Example: Even for a tiny 3-layer network with 1000 neurons per layer:

Symbolic f' lands in the millions of terms.
Symbolic f'' jumps to the billions of terms.
Growth is combinatorial with depth/width; common-subexpression tricks don’t save you enough.

For hundred of layers? Forget it.

clear now?

Let’s Bring Back Our Hyperreals Flavor for AI Computing and let’s see what happens when hyperreals face similar scenarios:

What Dual/Jet Numbers Do Differently: Automatic Differentiation
Dual numbers don’t use limits at all. Instead, they:

- Encode the differentiation rules in the arithmetic
- Evaluate f with special numbers that carry derivative info
- Derivatives emerge through rule-following arithmetic

Jets generalize this. k-jets carry truncated Taylor lanes up to order k (nilpotent ε^k+1=0), so higher-order derivatives fall out in one pass.

Here’s the key: The calculus rules (power rule, chain rule, etc.) are built into the jet arithmetic operations, not applied symbolically! So you get all the advantages of analytical solution without using them!

The Three Fundamental Differences
Calculus with Symbolic Rule Application ( impractical at modern AI scale)
Process:

Write down the function: f(x) = x³
Recall the power rule: d/dx[xⁿ] = n·xⁿ⁻¹
Apply it symbolically: f’(x) = 3x²
Store both formulas separately

For neural networks: Must build the entire derivative expression — exponential memory explosion.

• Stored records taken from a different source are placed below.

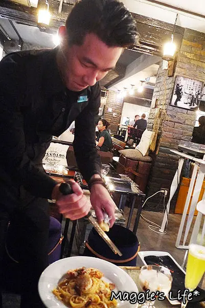 接著服務人員就會上來磨上起司,增添風味。店裡的服務人員都是特選的帥哥美女,讓人賞心悅目啊!
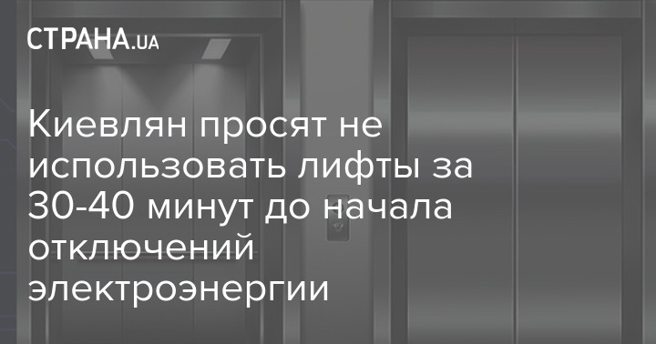 В пресс-службе Киевской государственной городской администрации сообщили о том, что киевлян призывают не использовать лифты за 30-40 минут до начала стабилизационных отключений
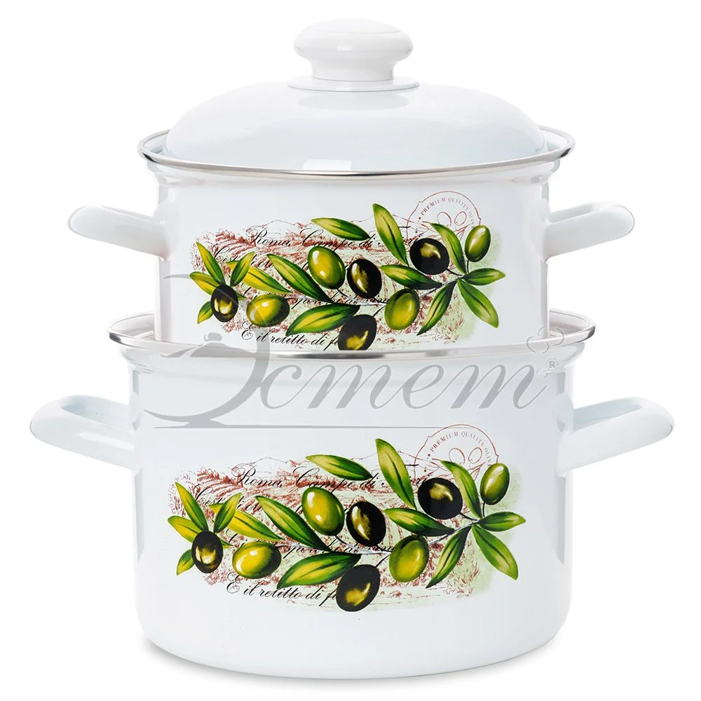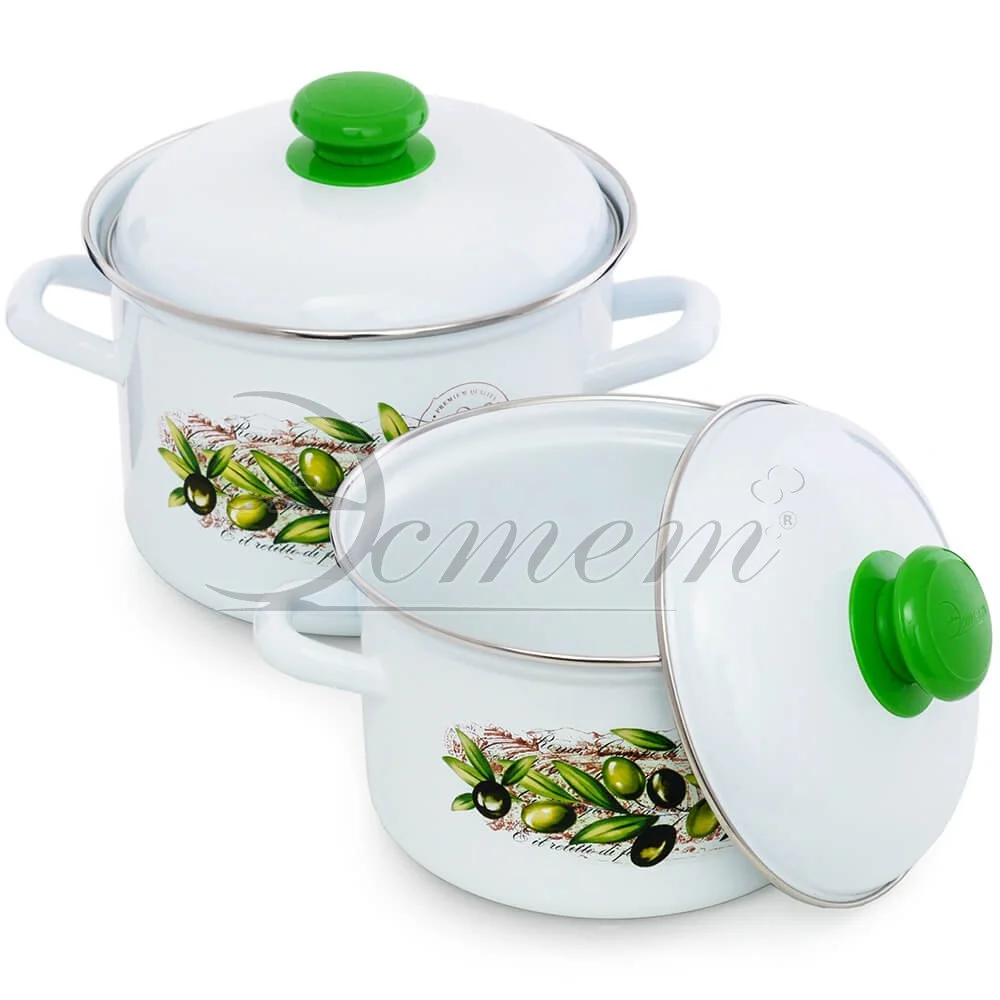 Набор посуды Эстет изготовлен из высококачественного стального проката и покрыта стеклокерамической эмалью. Внутри и снаружи - трехслойное глянцевое эмалированное покрытие. Эмалевое покрытие, являясь стекольной массой, не вызывает аллергию и надежно защищает пищу от контакта с металлом. Кроме того, такое покрытие долговечно, оно устойчиво к механическому воздействию, не царапается и не "сходит", а стальная основа практически не подвержена механической деформации, благодаря чему срок эксплуатации увеличивается. Крышка с эмалированным покрытием оснащена удобной ручкой. Она плотно прилегает к краю, сохраняя аромат блюд. Подходит для всех типов плит, включая индукционные. Можно мыть в посудомоечной машине.

Traditional h-Limit Calculus: Numerical Approximation:

Process:

Choose a step size h (guesswork)
Evaluate: (f(x+h) — f(x))/h
Get an approximation with error
Problems:

Not exact (always has truncation or roundoff error)
Can’t compose cleanly
Breaks down at higher orders

Dual/Jet Numbers Algebra: Evaluation with Augmented Arithmetic(practical at modern AI scale)

Process:

Extend the number system with ε where ε² = 0
Evaluate f at (x + ε) using this arithmetic
Derivatives appear as ε-coefficients automatically

For neural networks: No expression built — just evaluate once with special numbers. Linear memory scaling.

How It Actually Works: The Binomial Magic with dual numbers

Let’s see as a toy example how the power rule emerge without applying any calculus:

Example: compute derivative of f(x) = x³

Step 1: Evaluate at augmented input

Example: compute derivative of f(x) = x³

Step 1: Evaluate at augmented input

f(x + ε) = (x + ε)³

Step 2: Expand using binomial theorem (combinatorics, not calculus)

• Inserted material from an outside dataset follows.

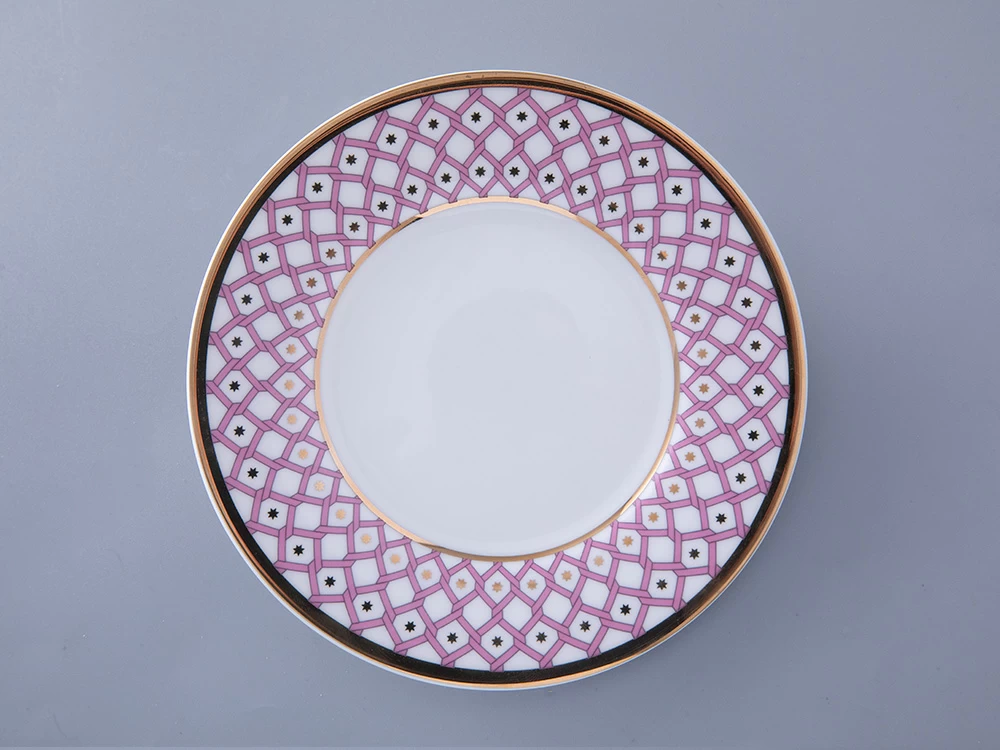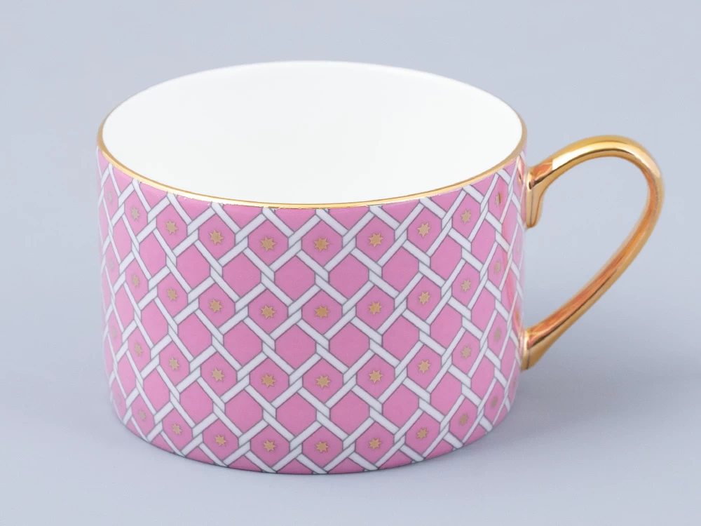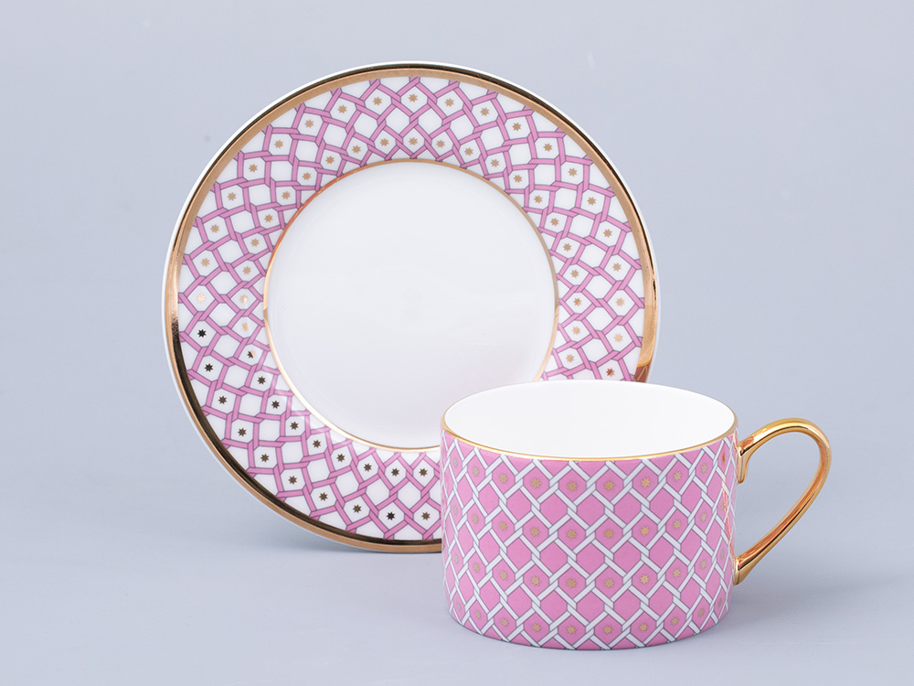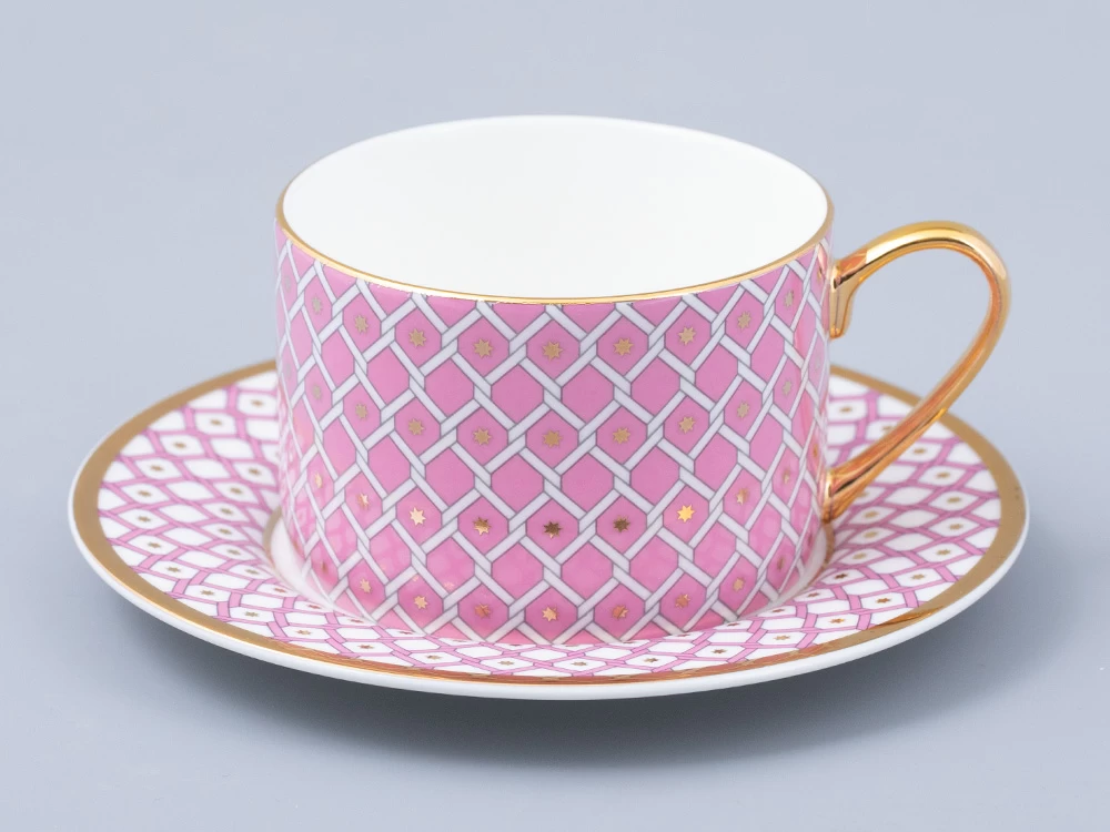 Розово-фиолетовый – один из самых популярных оттенков 2023 года. Нежный, волнующий, благородный, он напоминает лепестки редчайших цветов или диковинные розовые кораллы. Благодаря своей сбалансированности, этот цвет придает сетчатому узору на фарфоре особую деликатность и женственность.

(x + ε)³ = x³ + 3x²ε + 3xε² + ε³

Step 3: Apply nilpotent algebra (ε² = 0)

= x³ + 3x²ε + 0 + 0
= x³ + 3x²ε

Step 4: Read the dual number

x³ + 3x²ε = (x³) + ε·(3x²)
            ↑         ↑
         value   derivative

The derivative f’(x) = 3x² emerged through:

Binomial expansion (algebra)
Nilpotent simplification (ε² = 0)
Coefficient reading

NOT through:

❌ Power rule application
❌ h-limit formula
❌ Symbolic differentiation

> You don’t apply the power rule — you let binomial expansion reveal it.

Why This Scales When Symbolic Differentiation Doesn’t

Symbolic Differentiation (Analytical):
With AI working with neural networkd you must build expressions:

Layer 1 derivative: thousands terms
Layer 2 derivative: millions terms (combinatorial explosion)
Hundreds of layers: expression size grows exponentially in depth/width; even with common-subexpression elimination it becomes intractable to construct, store, or simplify. Memory required: More than all atoms in the universe 👀

Dual Number Evaluation:
Never builds expressions:

Each instrumented tensor stored value + ε·derivative
Memory: 2× base model (for k=1)
Or 3× base model with Jets (for k=2 with second derivative)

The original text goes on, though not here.